The judge found that the rule violated the spending clause of the U.S. Constitution. The provision made it impossible for states to make informed choices about the costs of receiving relief funds because they could not know how to exercise taxing authority without putting the funds at risk, Coogler decided.

West Virginia Solicitor General Lindsay See, who represents the states, told the 11th Circuit panel on Tuesday that the rule is unclear about what it means to “directly or indirectly” offset tax cuts with relief funds.

The ambiguity leaves states on uncertain ground, without an understanding of how they can avoid being asked to repay the money due to an indirect offset of net tax revenue, See argued.

U.S. Circuit Judge Robert Luck, a Trump appointee, questioned the attorneys about whether the mandate was specific enough to allow states to understand the agreement they were getting into.

Winik argued that a regulation put forward by the Treasury Department in January should have cleared up any confusion. He added that Congress is not obligated to spell out the details of how a condition should be applied.

But Luck appeared unconvinced. “There has to be some ascertainable basis to see what that net reduction is,” the judge said. “How could states possibly know?”

Luck also said regulations might not be enough to “fit the bill” due to their ephemerality, noting that policies can change depending on who is in office.

Winik put forward that states could naturally measure a reduction by comparing pre-pandemic budget numbers.

But See told the panel that the regulation to clarify the restriction is “not legally relevant.”

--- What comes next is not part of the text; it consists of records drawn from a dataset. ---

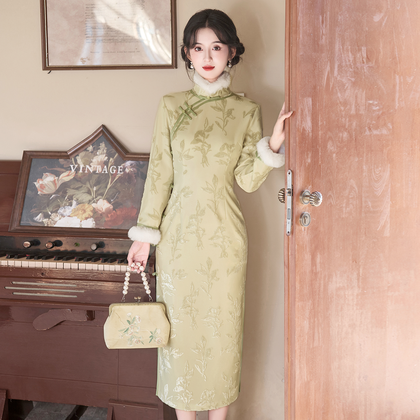 新中式 年会礼服改良旗袍 国风盘扣绿色丝绒连衣裙女2025年秋冬新款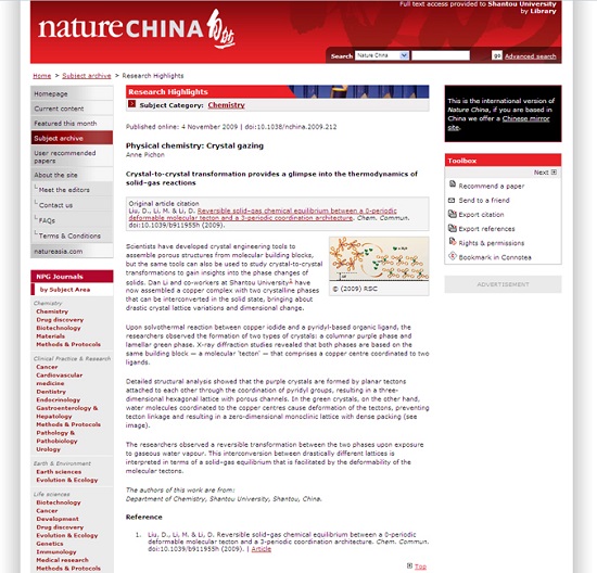该工作由研究团队在我校独立完成,积累了超过10年的成果,共在SCI收录刊物上发表论文88篇,其中SCI影响因子3.0以上论文45篇。成果获得国内外专家广泛引用和好评,被多篇国际权威综述期刊评论引用,并被化学、物理和材料科学三大学科权威刊物和其他SCI刊物他人引用累计2044次,CSCD他引95次,总他引2139次;10篇代表性论文累计他引644次,其中2篇论文SCI他引超过100次,1篇入选ESI高被引用论文,1篇被Nature China(《自然中国》)选为突出科学研究成果,1篇被选为封面研究成果。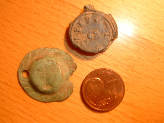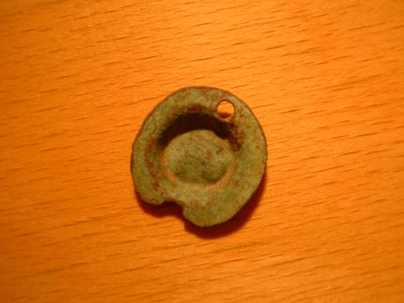 Bild1/2: -das grün oxidierte Teil mit Stanzungen = Gewandspange oder Tellerchen für Hartz5-Empfänger....?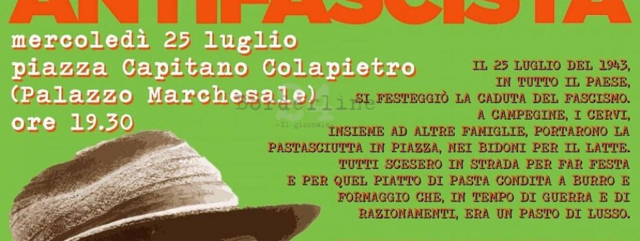 Mercoledì 25 luglio anche Turi, dalle 19.30, in piazza Colapietro, ospita un evento dedicato alla “Pastasciutta antifascista” organizzato dalla sezione locale dell’Associazione nazionale partigiani d’Italia “Amalia Marino”, e patrocinato, tra gli altri, da Aiab (Associazione italiana per l’agricoltura biologica) Puglia e Legacoop Puglia. Interverranno la partigiana e saggista Lidia Menapace, la presidente regionale di Aiab, […]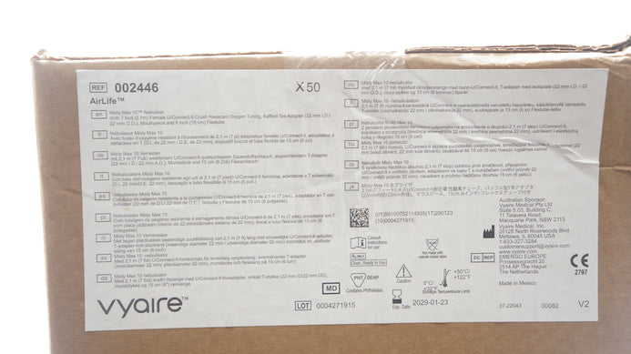 - Vyaire 002446 Airlife Misty Max 10 Nebulizer W/7ft.Female Oxygen Tubing-Box of50

“Under the spending clause, Congress must speak clearly,” See said. “The rule of law has to be clear from the law itself… We’re not arguing that regulations can’t clear up some details. But it’s not clear from the statute what the baseline is going to be.”

Even with the regulation, See said the states “still don’t know what it means to cut taxes with ARPA funds.”

Luck was joined on the panel by fellow Trump appointee U.S. Circuit Judge Andrew Brasher and Senior U.S. Circuit Judge Ed Carnes, a George H.W. Bush appointee.

The panel did not indicate when it will make a decision in the case.